After further examination of the data, it was important to note the variations between counties. The top counties with the largest frequencies were 610, 130, 910, and 390. The multiple linear regression model for comorbidities reported rheumatoid arthritis and osteoarthritis (p=0.03) and Alzheimer’s disease (p=0.08) as the only comorbidities that had potential of predicting the average length of stay in beneficiaries with respiratory related disease shown in Table 1. No other variable met statistical significance at the 0.15 p-value level. The results for the multiple linear regression model for demographic traits indicated no variable that met statistical significance at the 0.15 p-value level shown in Table 2. The same comorbidities model was run again at a later date and resulted in statistical significance in diabetes (p=0.002) and osteoporosis (p=0.08). The contradiction of second run with the first run begged the question of the reliability of the modeling technique. In contrast, when the demographic traits model was run a second time, the variables remained the same in terms of statistical significance.
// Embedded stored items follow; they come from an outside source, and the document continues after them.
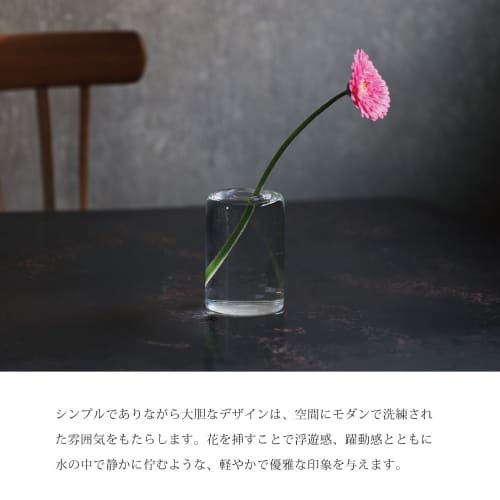 水を満たすことで、一つの美しい水の円柱が姿を現すようなデザインの花器です。透明感あふれるガラスと水が一体となり、花を引き立てながらもインテリアとして存在感を放ちます。シンプルでありながら大胆なデザインは、空間にモダンで洗練された雰囲気をもたらします。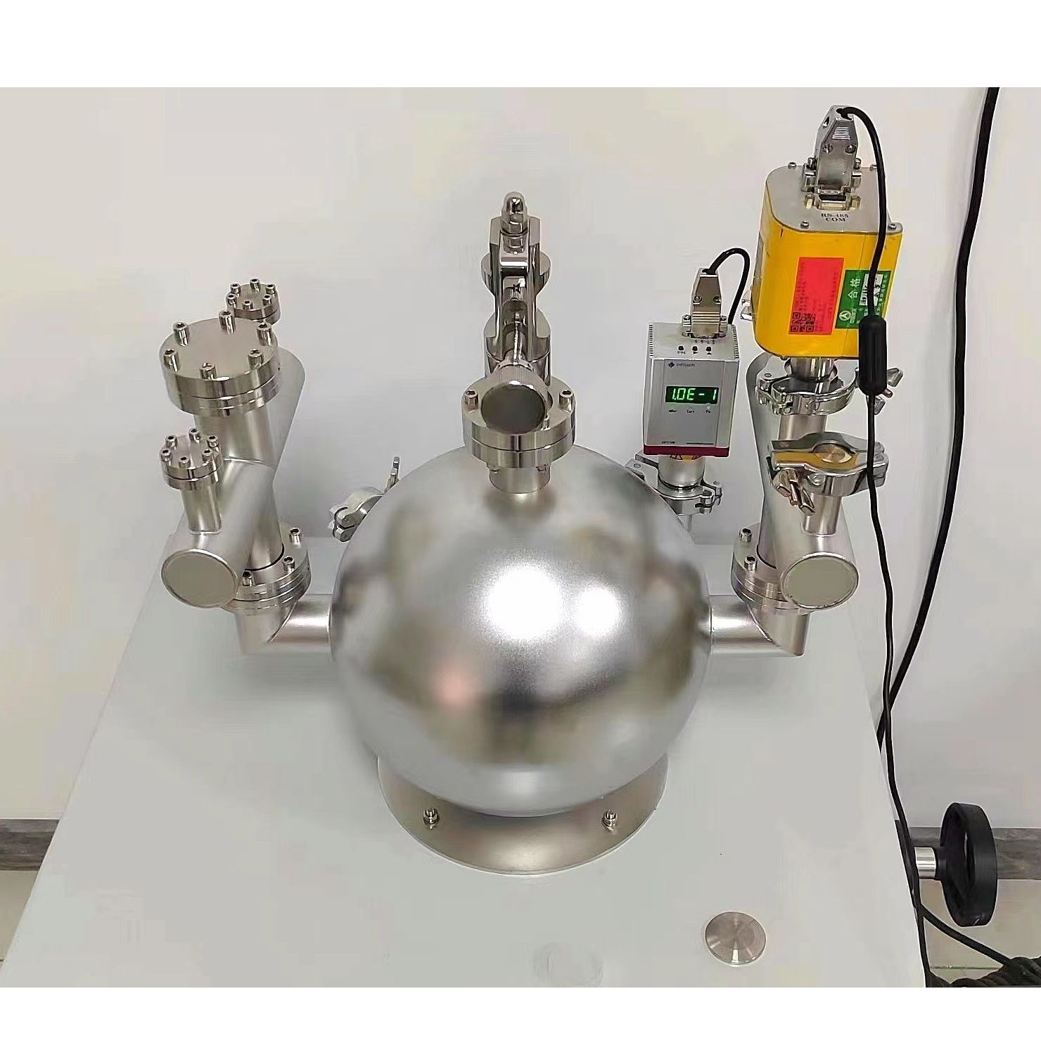 四通1要求:一端为CF35接口,另外三个接口为VCR接口,用于安装VCR接口的电容薄膜真空规,并在真空规下面安装有截止阀。(要求体积和长度尽可能小)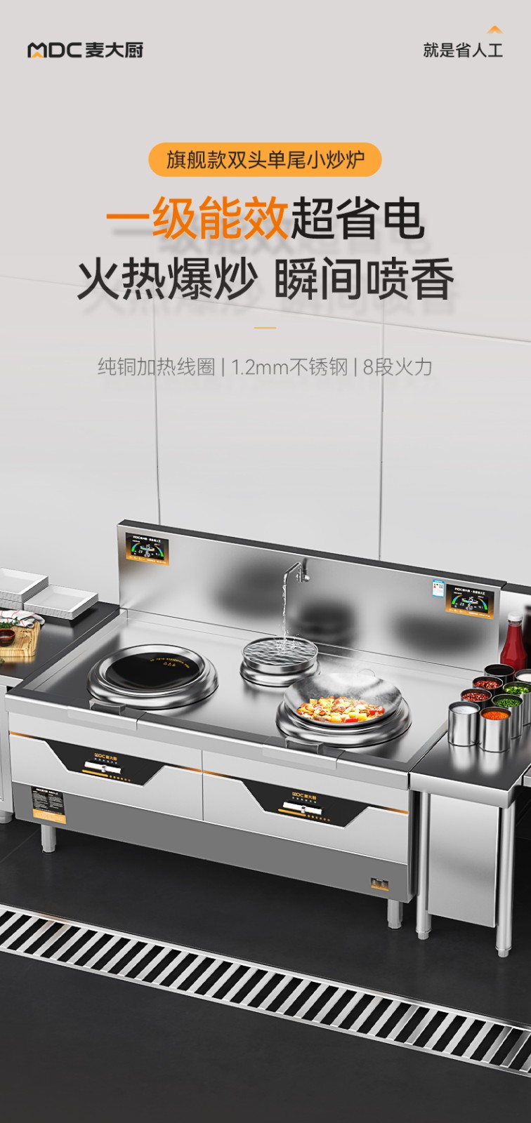 • 更多MDC商用双头单尾小炒炉规格咨询在线客服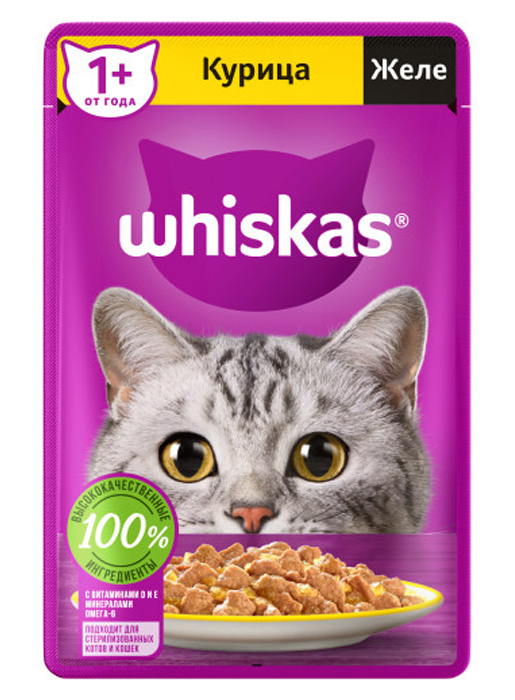 Whiskas жидкие 85г (Для котят, Желе Курица)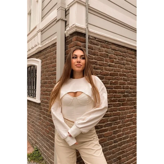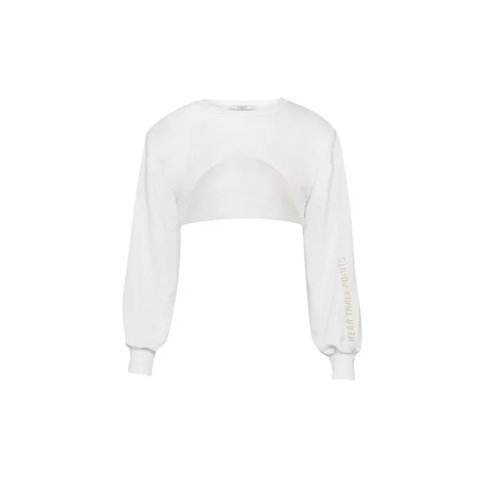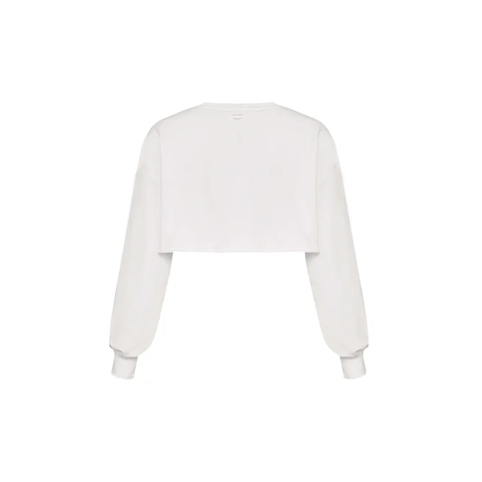 Deep crop sweatshirt with low shoulders, asymmetrical cut.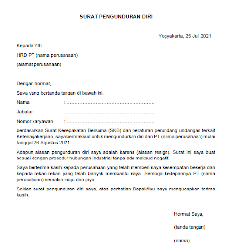 Format surat resign biasanya hampir sama, yakni berisi identitas, tanggal resign kerja, alasan resign, dan apresiasi serta harapan untuk perusahaan. Cara membuat surat resign pun cukup mudah, Anda hanya perlu mengikuti format pada contoh berikut ini.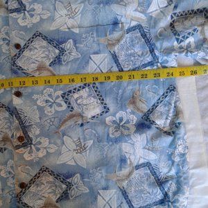 TAG X BRAG mens 2XL fishing hawaiian camp shirt made in u.s.a. fair condiyion has a small tear see last two pictures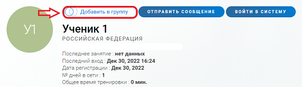 2. На открывшейся странице профиля ученика выберите опцию «Добавить в группу».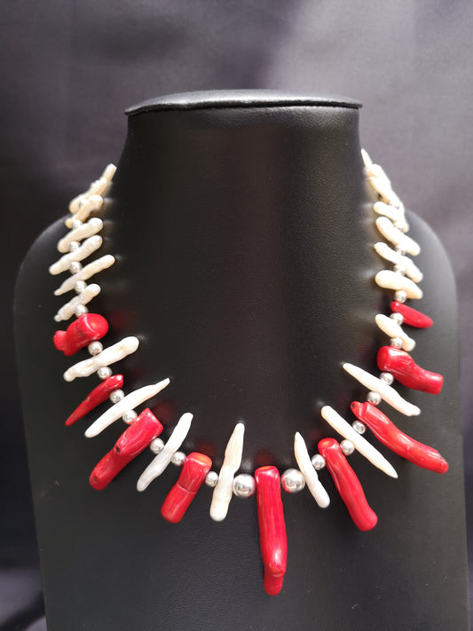 Coral rojo, perlas de plata .925 y perlas de rio - Collar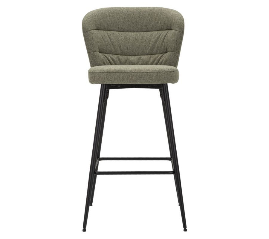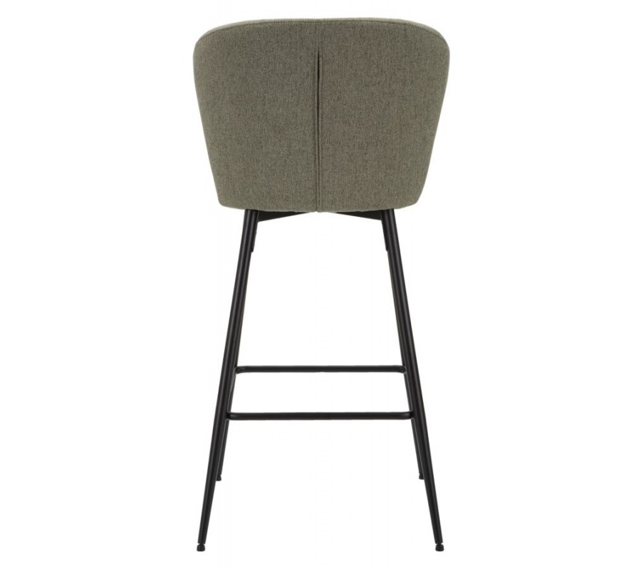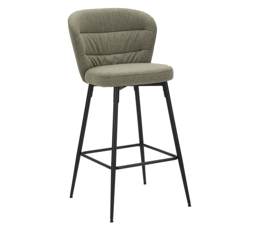 Moderní barová židle Magnus se zakřiveným opěradlem a textilním potahem v olivově zelené barvě na černých nožičkách 108 cm

Table 1: Multiple linear regression model on comorbidities: CHF, chronic kidney disease, cancer, depression, ischemic heart disease, osteoporosis, stroke/transient ischemic attack, RA/OA, and Alzheimer’s disease.

Table 2: Multiple linear regression model on demographic traits: beneficiary sex and race. When comparing the expected length of stay rates with the observed length of stay rates, the frequency procedure was performed to determine the number of counties that had shorter or longer length of stay. The procedure displayed 46 out of 119 counties had longer length of stay than expected in Table 3a. Similarly, table 3b described the performance of the counties with longer length of stay than expected as worse than expected. There were no counties where the predicted values matched the expected length of stay; therefore, longer and shorter length of stay than would be expected were the only options available.

Table 3a: Frequency procedure on describing the number of counties with longer or shorter length of stay than expected.

Table 3b: Frequency procedure on describing the number of counties with better or worse than expected performance. Table 4 described each county’s O/E ratio, risk adjusted rate, expected and observed rates, beneficiary count, root mean squared error, standard error, and upper and lower 95% confidence intervals. Of all the counties, county 70 had a beneficiary with the highest observed length of stay of 42 days. County 610 remained the county with the largest number of beneficiaries of 116. Counties 180 and 190 had no reported observed values thus SAS output resulted in a missing value symbol denoted by a period. Counties with the lowest length of stay of zero were 312, 583, and 822 with one beneficiary each. The observed and expected rate difference was calculated to determine the top counties with the largest difference. Of the 122 counties, county 70 again ranked highest with a difference of 35. Other counties that had large differences between observed and expected rates were 391, 591, 751, and 790.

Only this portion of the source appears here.